Some of the plantings around Canberra look very Edna Walling, particularly the groves of crab-apple planted in the lawns at University House. I think they must use the Edna method of tree planting there. She was famous for her method of planting groups of trees, which involved standing on a likely spot and hurling a bucket of potatoes. The trees were planted where the potatoes fell, to achieve the random grouping of trees that spring up naturally from seed.

If you have room to plant a group of trees or shrubs I can recommend this method – it’s simple, fun, and it works.

For admirers of Edna Walling, there is some good news – a new book, Edna Walling’s Year (published by Anne O’Donovan $19.95).

It is an attractive book which combines Edna Walling’s photographs and writing (some previously unpublished) with pen and ink drawings by Jennifer Wilkinson, who is the author and illustrator of an attractive reference book, Herbs and Flowers of the Cottage Garden.

Edna Walling also features in a handsome new coffee-table book – Private Gardens of Australia by Sarah Guest, photographs by Jerry Harpur (published by Lothian, $50.)

Among the Walling gardens featured are Marwarra at Olinda in the Dandenong Ranges, a mountain garden on a steep site with lots of trees and stone steps leading from one level to the next; a country garden, Markdale at Binda NSW, which features her trademark stone walling; and a lake and large suburban garden at Benalla, Victoria. All retain their Walling design and have matured into gardens full of atmosphere – a credit to her skill.

A great variety of gardens has been chosen to feature in the book, from tropical far-north Queensland to cool Tasmania and across to West Australia, providing plenty of variety in planting material and design.

Some outstanding gardens are included, like the Valder family garden, Nooroo at Mt Wilson; Nindooinbah House at Beaudesert in Queensland, garden of artist Patrick Hockey and his wife; and Bolobek, Sir Robert and Lady Law-Smith’s garden triumph at Macedon, Victoria.

This is a thoroughly enjoyable book, though I felt a shade of disappointment that there weren’t more colour pictures. However, there are 98, so perhaps I am just greedy. The descriptions and history of the gardens is lively and informative and the pictures are inspirational, including the cherry walk at Bolobek.
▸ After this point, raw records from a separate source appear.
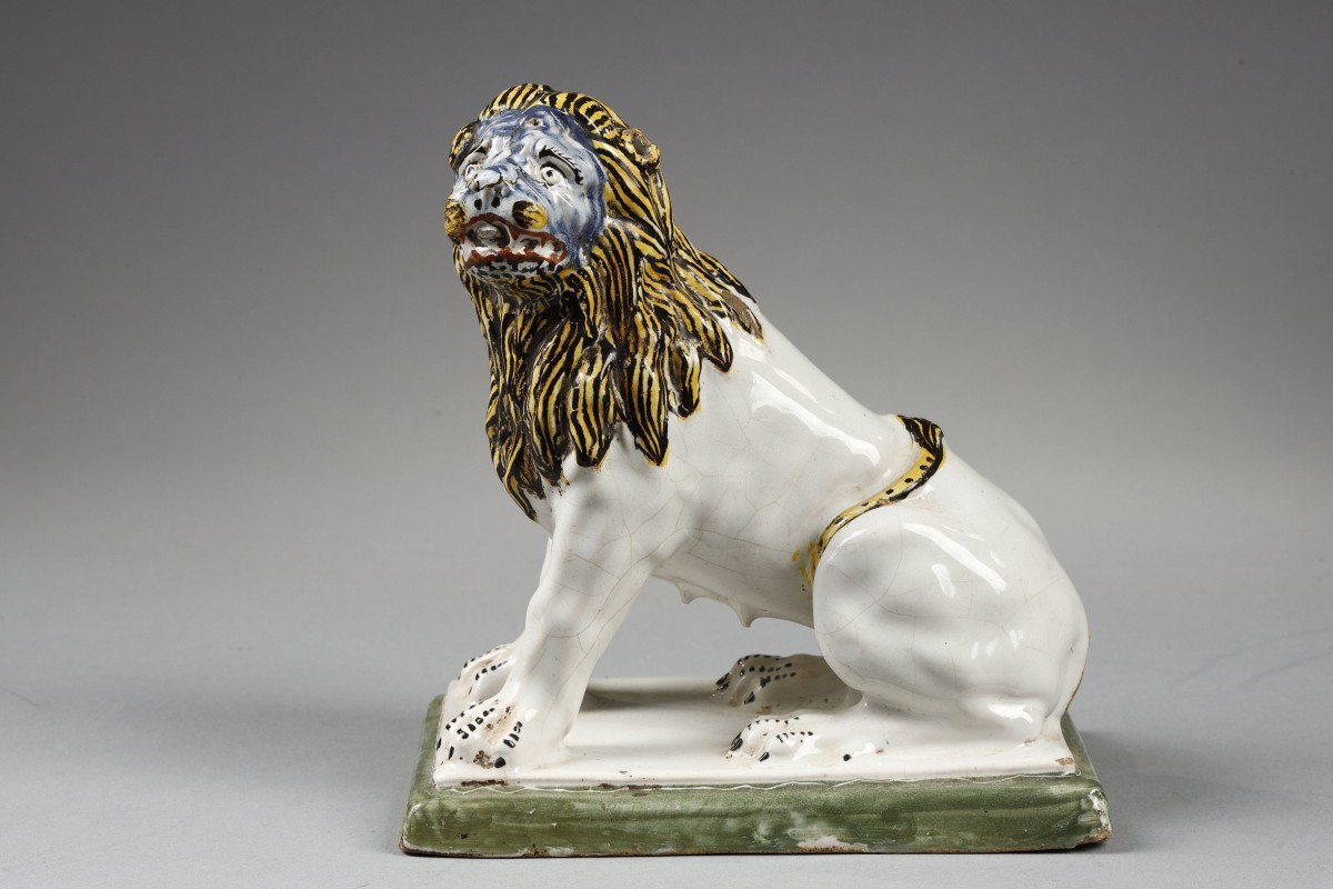 Rouen: faience lioness seated on a small mound, the mane painted in yellow and manganese, the mouth painted in blue. First third of the 18th century.
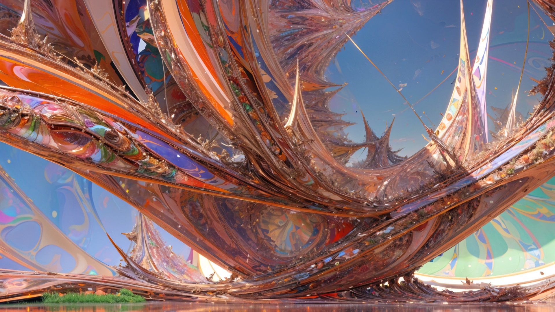 A surreal landscape features vibrant, swirling pink and orange formations resembling soft, flowing mountains, reflected in a serene body of water under a bright, blue sky.
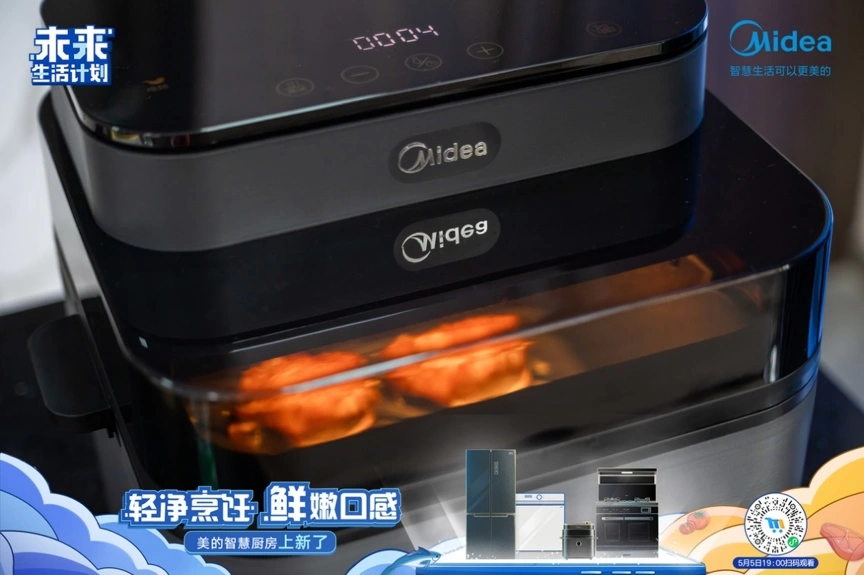 让食材新鲜如初,让烹饪、清理更方便智能,打造未来厨房新体验,5月5日19:00,美的基于当代年轻人生活方式的新洞察,以会客厅+厨房场景的创新形式,打造“美的智慧厨房上新了”线上直播发布会。美的重磅发布“口感CP”+“轻净CP”4款新品,解决“储存”“烹饪”“清理”多重痛点,为消费者的未来生活计划提案。

I wonder how many gardeners have gone home after visiting Bolobek and tried to reproduce the pathway lined with flowering cherries framing a perfect vista. A statue of a girl with softly flowing clothes leans pensively from a pedestal set in a brick paved circle edged with a clipped box hedge. A huge rhododendron Pink Pearl provides the background of dark foliage lit by the luminous blooms. One of the prettiest garden scenes I have seen anywhere.

The Law-Smiths are leaving Bolobek soon, and I hope the new owners have a sympathetic understanding of this lovely garden.

This book is a must for anyone interested in the best private gardens in Australia, and a great gift for garden history buffs.

Garden Day: The Australian Garden History Society is visiting Rouse Hill House, near Windsor, on Saturday, November 3. Extensive conservation work by the Historic Houses Trust of NSW has restored both house and garden to their former glory. Tickets available for members and non-members $25. Bookings phone 953 1916.


  1. As a general rule “slow release” fertilisers are safer for plants in containers.
  2. Plant summer annuals now, such as petunia, portulaca, sunflower and zinnia.
  3. Mulch pots on balconies to prevent drying out.
  4. Repot variegated begonias, keep them well-watered and in the shade for good results.
  5. Consider planting a tree in your nature strip. First contact your local council for advice.